As you can se by the image, the observation 4 has 50 % of probability to give zero and 50% to give one (according to predict_proba()
function) however the predict()
function classified it as zero
Did the predict() function sort as ZERO by "chance" or since it's zero or one, does it sort as zero because it comes first (as if order matters)?
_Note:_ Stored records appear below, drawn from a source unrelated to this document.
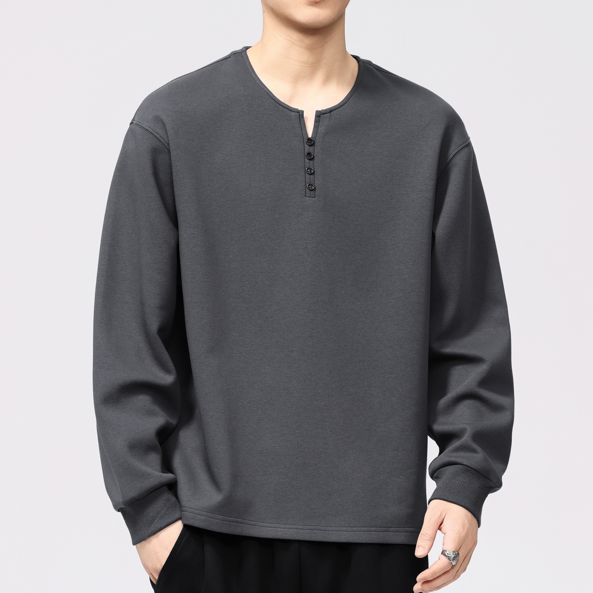 2025年春季 男士 新款 美式 带扣V领t恤 长袖 休闲正肩内搭打底衫 亨利衫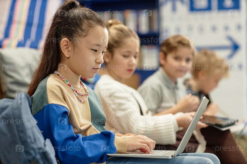 Азиатская девушка использует ноутбук в библиотеке с детьми на заднем плане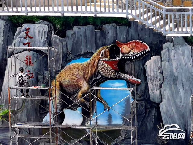 據了解,超級大秋千環景3D彩繪項目總面積達2000多平方米,主要以恐龍、峽谷、瀑布為主題,包括海豚、虎鯨這類趣味性的動物,以寫實的手法進行畫面營造,給游客呈現驚心動魄的感覺,完工后將成為國內面積最大的3D彩繪項目。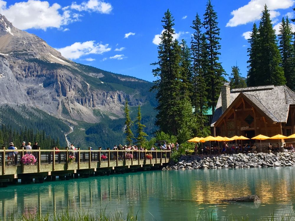 DAY 4 --- Yoho National Park--- Emerald lake 又称翡翠湖。一眼望去就被一座直桥深深吸引。桥边上的露天咖啡厅,那些黄色阳伞为碧绿的翡翠湖起了画龙点晴之效。雪山与森林围绕着翡翠湖,世外桃源般的小木屋别具风格,我们沿着湖边周游一圈,湖水闪耀着绿瑩塋的光芒,梦幻般的镶嵌在群山之中,与世隔绝。宁静的湖面,如同十八岁少女的心,除了对爱情的憧憬,别无其他。山风吹来,一湖碧水,涟漪四散,美丽无比。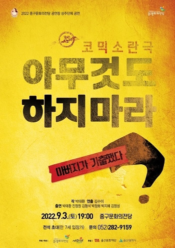 고민해보고 싶다"며 연극의 작의를 밝힌다. 코믹소란극이란 부제의 이 작품은

I could not solve my doubts when analyzing the documentation of the functions (source: https://github.com/scikit-learn/scikit-learn/blob/7f9bad99d/sklearn/tree/\_classes.py#L476)
Thanks in advance!
Upvotes: 0
Views: 221
Reputation: 2710
In case of binary classification the returned class is computed as follows
proba = self.tree_.predict(X)
...
return self.classes_.take(np.argmax(proba, axis=1), axis=0)
Reference: sklearn code
So basicaly the choice falls on numpy.argmax
.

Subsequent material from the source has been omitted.